Please repeat the entries word for word and keep the images out.
[Exercise materials]
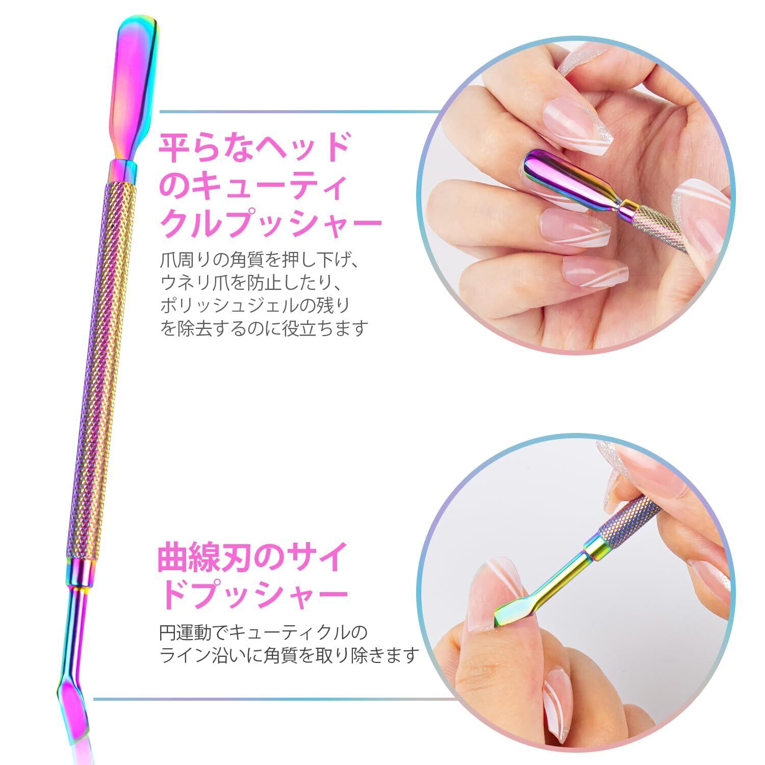 キューティクル・プッシャー&キューティクル・リムーバー-平らなヘッドで爪の周りのキューティクルをやさしく押し下げ、ポリッシュの後に残ったジェルを取り除きます。
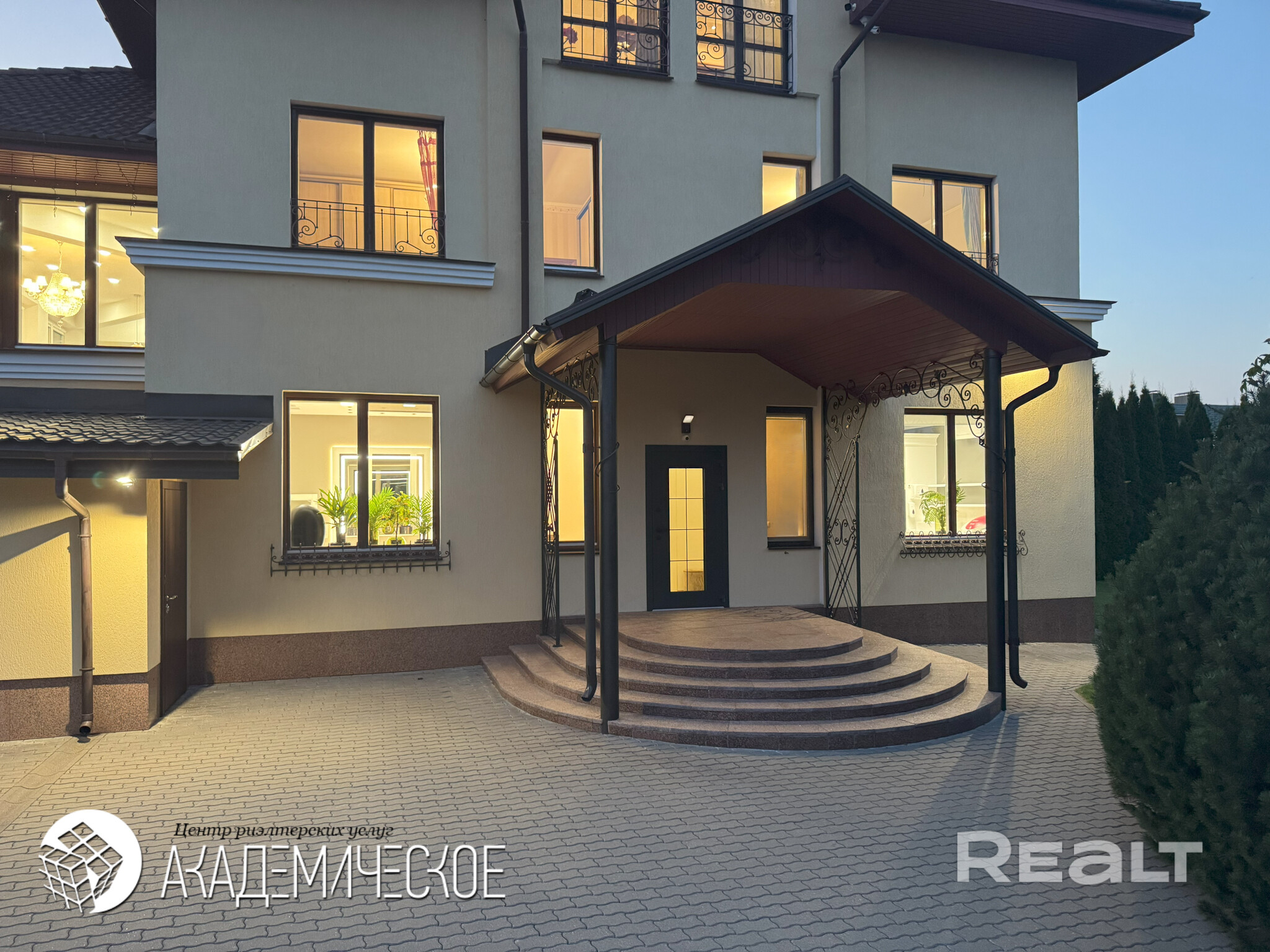 Большой участок в частной собственности. Закрытая территория зонирована на 3 части с отдельными входными группами и парковками, что обеспечивает приватность, безопасность и тишину. Ландшафтный дизайн, 235 деревьев, вечерняя подсветка.
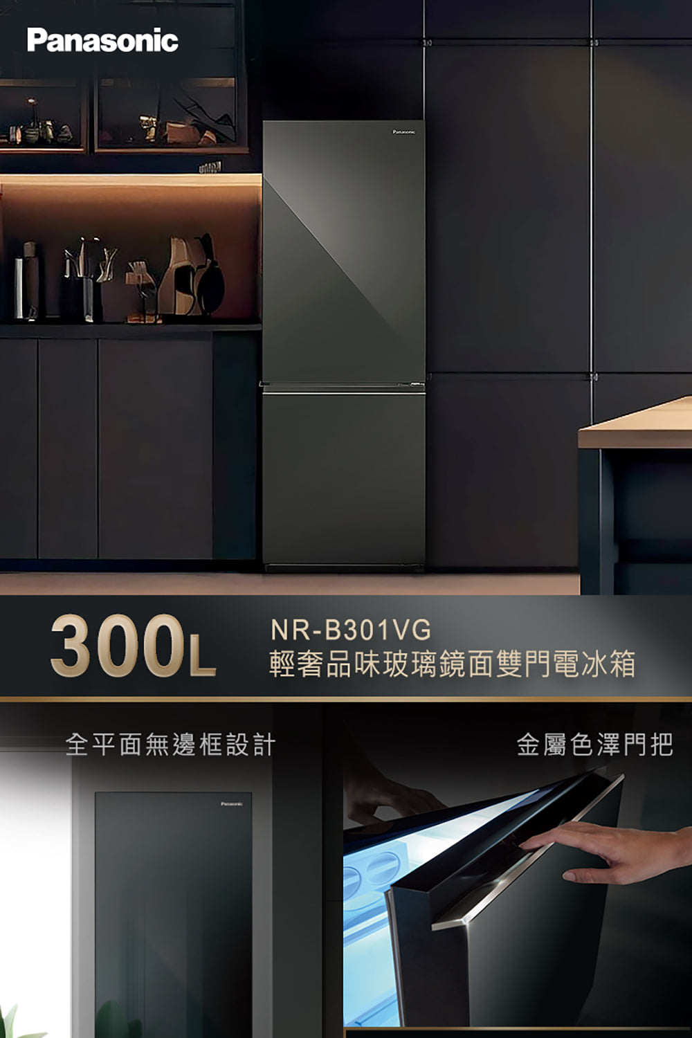 Panasonic 國際牌|NR-B301VG 300L一級能效玻璃門雙門變頻冰箱
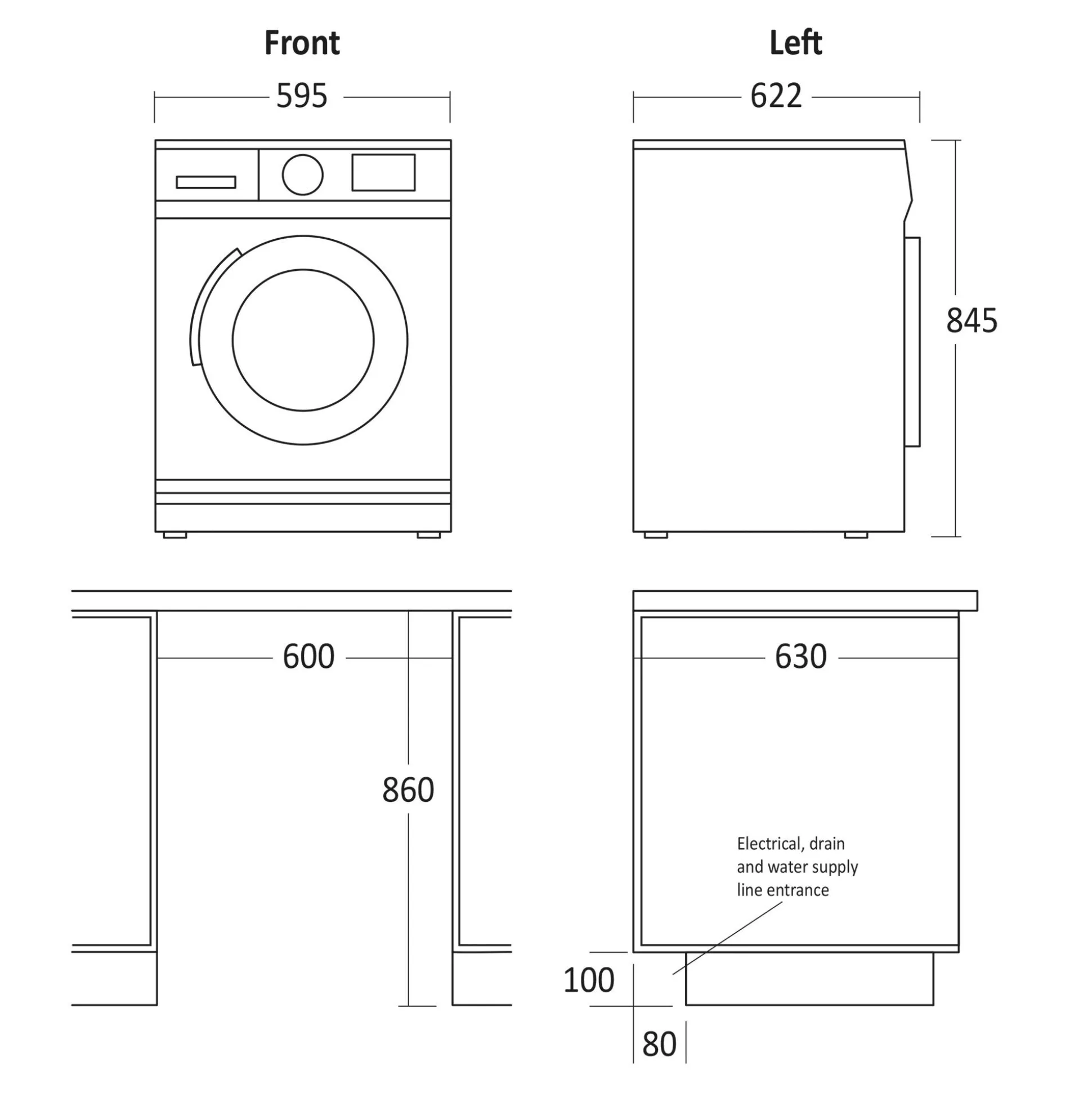 - Produktmål, HxBxD, mm: 845 x 595 x 600
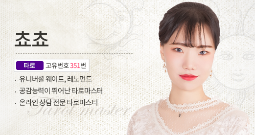 신규 상담사 "[타로] 쵸쵸 351번" 선생님이 새롭게 등록되었습니다.
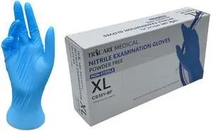 TRICARE MEDICAL Nitrile Exam Gloves, Low Derma, 4.7 Mil, Blue, Box of 100 XL
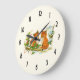 Cute Vintage Foxes Retro Christmas Scene Large Clock
[/Exercise materials]
- [Expected answer]
 キューティクル・プッシャー&キューティクル・リムーバー-平らなヘッドで爪の周りのキューティクルをやさしく押し下げ、ポリッシュの後に残ったジェルを取り除きます。
 Большой участок в частной собственности. Закрытая территория зонирована на 3 части с отдельными входными группами и парковками, что обеспечивает приватность, безопасность и тишину. Ландшафтный дизайн, 235 деревьев, вечерняя подсветка.
 Panasonic 國際牌|NR-B301VG 300L一級能效玻璃門雙門變頻冰箱
 - Produktmål, HxBxD, mm: 845 x 595 x 600
 신규 상담사 "[타로] 쵸쵸 351번" 선생님이 새롭게 등록되었습니다.
 TRICARE MEDICAL Nitrile Exam Gloves, Low Derma, 4.7 Mil, Blue, Box of 100 XL
 Cute Vintage Foxes Retro Christmas Scene Large Clock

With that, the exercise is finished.